The selection result of 3.2 diluent
By the comparison to disintegration of tablet time, hardness and comprehensive index value in nine groups of single factor experiments, in diluent, the mass ratio of starch, dextrin, lactose is that while testing proportioning 1,2,4, No. 8 in table 1-1, hardness level is undesirable; In diluent, the mass ratio of starch, dextrin, lactose is that while testing proportioning 3,5,6, No. 9 in table 1-1, although tablet hardness meets the requirements, the disintegration time of tablet is long; In diluent, the mass ratio of starch, dextrin, lactose is 3: 1: 1 o'clock, and the hardness of tablet is moderate and disintegration time is the shortest, comprehensive index value maximum.

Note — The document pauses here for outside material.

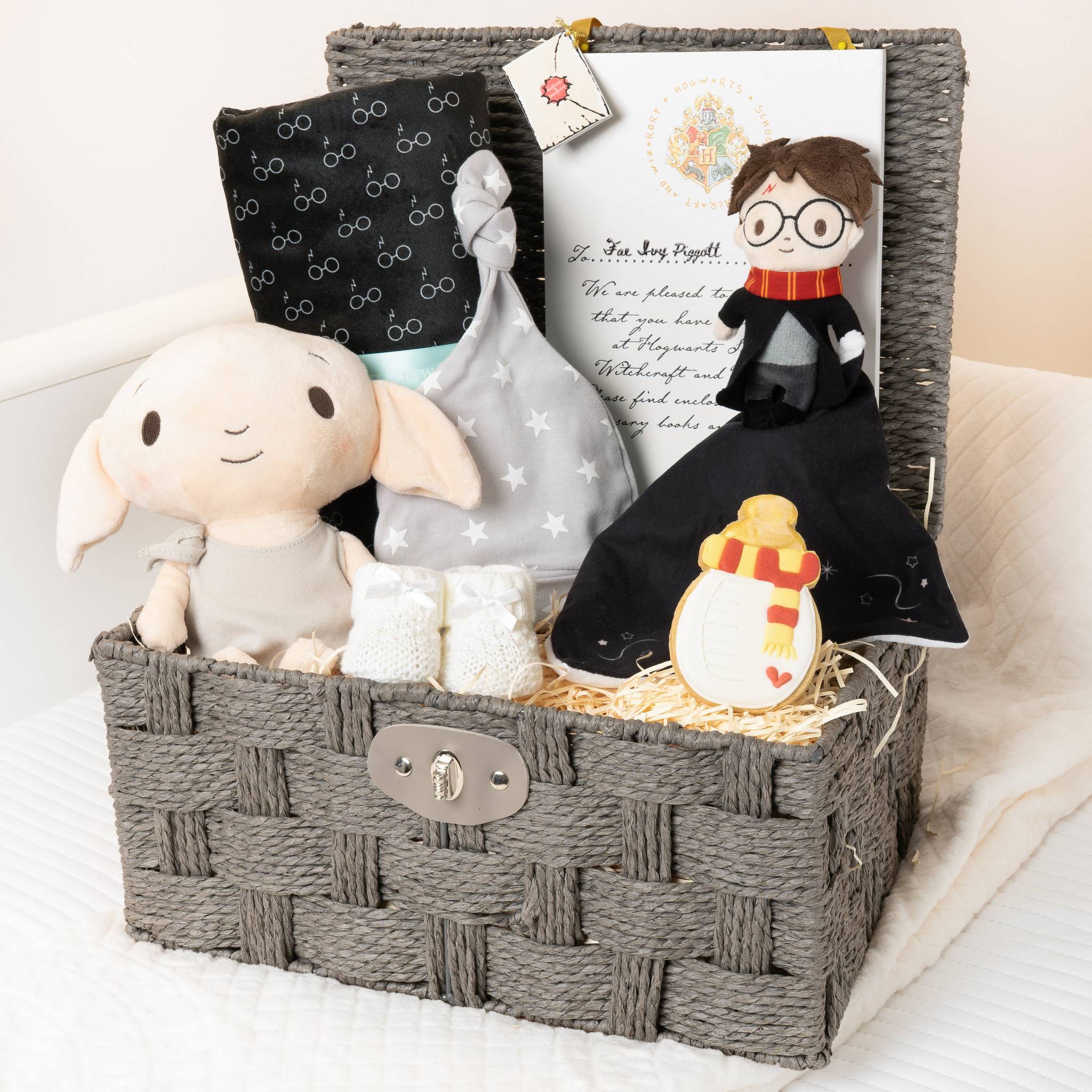 A magical gift for new parents and little wizards, this Harry Potter baby hamper features a curated selection of baby essentials and keepsakes inspired by the wizarding world. Filled with soft textures, playful characters, and licensed merchandise, it's the perfect gift to welcome a new arrival.

The selection result of 3.3 disintegrating agents
After disintegrating agent carboxymethyl base Starch Sodium by additional equal in quality, low-substituted hydroxypropyl cellulose, polyvinylpolypyrrolidone, carboxymethyl starch sodium is during as disintegrating agent, and disintegration time is the shortest and hardness is moderate, and comprehensive index value maximum, the results are shown in Table 1-2.
The selection result of 3.4 disintegrating agents, lubricant, wetting agent
Disintegrating agent (A), lubricant (B), wetting agent (C) they are A > B > C on the size order that affects of tablet quality, but there are no significant difference.The best testing program of orthogonal test gained is A
2b
2c
3, disintegrating agent carboxymethyl base Starch Sodium be after granulate granular mass 6%, magnesium stearate lubricant be after granulate granular mass 1%, when selecting 50% ethanol, wetting agent can overcome soft material viscosity large, the phenomenon of caking, makes the process of soft material processed convenient and easy, the results are shown in Table 1-3 and table 1-4.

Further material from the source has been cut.